START Material provided
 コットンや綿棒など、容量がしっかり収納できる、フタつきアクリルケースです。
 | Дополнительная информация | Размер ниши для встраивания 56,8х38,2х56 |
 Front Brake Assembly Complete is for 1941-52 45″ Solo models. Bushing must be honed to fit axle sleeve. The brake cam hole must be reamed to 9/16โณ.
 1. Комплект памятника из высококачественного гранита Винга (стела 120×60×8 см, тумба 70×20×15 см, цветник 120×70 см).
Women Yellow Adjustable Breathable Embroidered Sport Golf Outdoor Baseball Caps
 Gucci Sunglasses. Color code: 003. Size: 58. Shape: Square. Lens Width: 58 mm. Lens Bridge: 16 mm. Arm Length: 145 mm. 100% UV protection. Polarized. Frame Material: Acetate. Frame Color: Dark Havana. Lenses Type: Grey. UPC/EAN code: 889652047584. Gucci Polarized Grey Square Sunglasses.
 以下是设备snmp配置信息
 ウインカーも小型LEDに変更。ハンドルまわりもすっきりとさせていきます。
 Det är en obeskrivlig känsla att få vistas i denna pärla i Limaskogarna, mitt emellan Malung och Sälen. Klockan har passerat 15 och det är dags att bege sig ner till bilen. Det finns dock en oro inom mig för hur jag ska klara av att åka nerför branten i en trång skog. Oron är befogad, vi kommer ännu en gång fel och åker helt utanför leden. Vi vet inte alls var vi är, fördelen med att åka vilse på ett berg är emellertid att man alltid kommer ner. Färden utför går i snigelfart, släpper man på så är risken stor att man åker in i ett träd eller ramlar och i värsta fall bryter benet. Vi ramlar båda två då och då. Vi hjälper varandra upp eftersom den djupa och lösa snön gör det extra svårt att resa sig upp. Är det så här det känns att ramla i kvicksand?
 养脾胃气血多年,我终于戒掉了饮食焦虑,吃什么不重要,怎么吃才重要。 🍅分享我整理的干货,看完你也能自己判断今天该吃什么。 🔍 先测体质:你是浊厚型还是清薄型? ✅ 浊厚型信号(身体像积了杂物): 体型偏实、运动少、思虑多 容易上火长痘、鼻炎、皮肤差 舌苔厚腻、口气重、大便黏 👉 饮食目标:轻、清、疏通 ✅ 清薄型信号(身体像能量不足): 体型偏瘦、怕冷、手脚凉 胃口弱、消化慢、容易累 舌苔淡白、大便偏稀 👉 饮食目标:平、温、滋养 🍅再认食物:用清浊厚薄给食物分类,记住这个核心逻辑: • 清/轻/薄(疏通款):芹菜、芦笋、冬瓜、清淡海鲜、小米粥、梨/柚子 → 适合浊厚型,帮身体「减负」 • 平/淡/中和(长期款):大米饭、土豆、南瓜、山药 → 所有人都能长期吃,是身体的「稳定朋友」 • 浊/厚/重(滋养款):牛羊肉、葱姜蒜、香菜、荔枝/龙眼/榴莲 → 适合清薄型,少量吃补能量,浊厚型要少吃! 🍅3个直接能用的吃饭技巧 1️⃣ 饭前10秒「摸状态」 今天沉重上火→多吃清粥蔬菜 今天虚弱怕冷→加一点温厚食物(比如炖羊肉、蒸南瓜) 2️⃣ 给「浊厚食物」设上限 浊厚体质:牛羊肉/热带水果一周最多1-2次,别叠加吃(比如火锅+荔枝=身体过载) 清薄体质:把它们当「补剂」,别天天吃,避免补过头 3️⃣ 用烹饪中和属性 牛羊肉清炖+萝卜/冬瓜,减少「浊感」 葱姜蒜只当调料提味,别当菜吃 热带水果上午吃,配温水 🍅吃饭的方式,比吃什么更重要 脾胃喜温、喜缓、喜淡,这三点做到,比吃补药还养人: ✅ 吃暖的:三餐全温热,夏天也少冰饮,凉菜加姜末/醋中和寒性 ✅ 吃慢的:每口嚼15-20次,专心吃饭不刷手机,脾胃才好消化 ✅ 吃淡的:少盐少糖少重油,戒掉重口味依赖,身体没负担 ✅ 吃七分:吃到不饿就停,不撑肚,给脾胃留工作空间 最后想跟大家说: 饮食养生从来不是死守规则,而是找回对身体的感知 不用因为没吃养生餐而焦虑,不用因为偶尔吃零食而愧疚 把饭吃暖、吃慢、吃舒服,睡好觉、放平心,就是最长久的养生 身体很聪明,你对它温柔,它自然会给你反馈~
END Material provided
▶ [Exercise aim]: Using the entries above, repeat only the lines from the one containing "Front Brake Assembly" through the one containing "Det är en obeskrivlig", end lines included.

▶ [Answer to this exercise]:
 Front Brake Assembly Complete is for 1941-52 45″ Solo models. Bushing must be honed to fit axle sleeve. The brake cam hole must be reamed to 9/16โณ.
 1. Комплект памятника из высококачественного гранита Винга (стела 120×60×8 см, тумба 70×20×15 см, цветник 120×70 см).
Women Yellow Adjustable Breathable Embroidered Sport Golf Outdoor Baseball Caps
 Gucci Sunglasses. Color code: 003. Size: 58. Shape: Square. Lens Width: 58 mm. Lens Bridge: 16 mm. Arm Length: 145 mm. 100% UV protection. Polarized. Frame Material: Acetate. Frame Color: Dark Havana. Lenses Type: Grey. UPC/EAN code: 889652047584. Gucci Polarized Grey Square Sunglasses.
 以下是设备snmp配置信息
 ウインカーも小型LEDに変更。ハンドルまわりもすっきりとさせていきます。
 Det är en obeskrivlig känsla att få vistas i denna pärla i Limaskogarna, mitt emellan Malung och Sälen. Klockan har passerat 15 och det är dags att bege sig ner till bilen. Det finns dock en oro inom mig för hur jag ska klara av att åka nerför branten i en trång skog. Oron är befogad, vi kommer ännu en gång fel och åker helt utanför leden. Vi vet inte alls var vi är, fördelen med att åka vilse på ett berg är emellertid att man alltid kommer ner. Färden utför går i snigelfart, släpper man på så är risken stor att man åker in i ett träd eller ramlar och i värsta fall bryter benet. Vi ramlar båda två då och då. Vi hjälper varandra upp eftersom den djupa och lösa snön gör det extra svårt att resa sig upp. Är det så här det känns att ramla i kvicksand?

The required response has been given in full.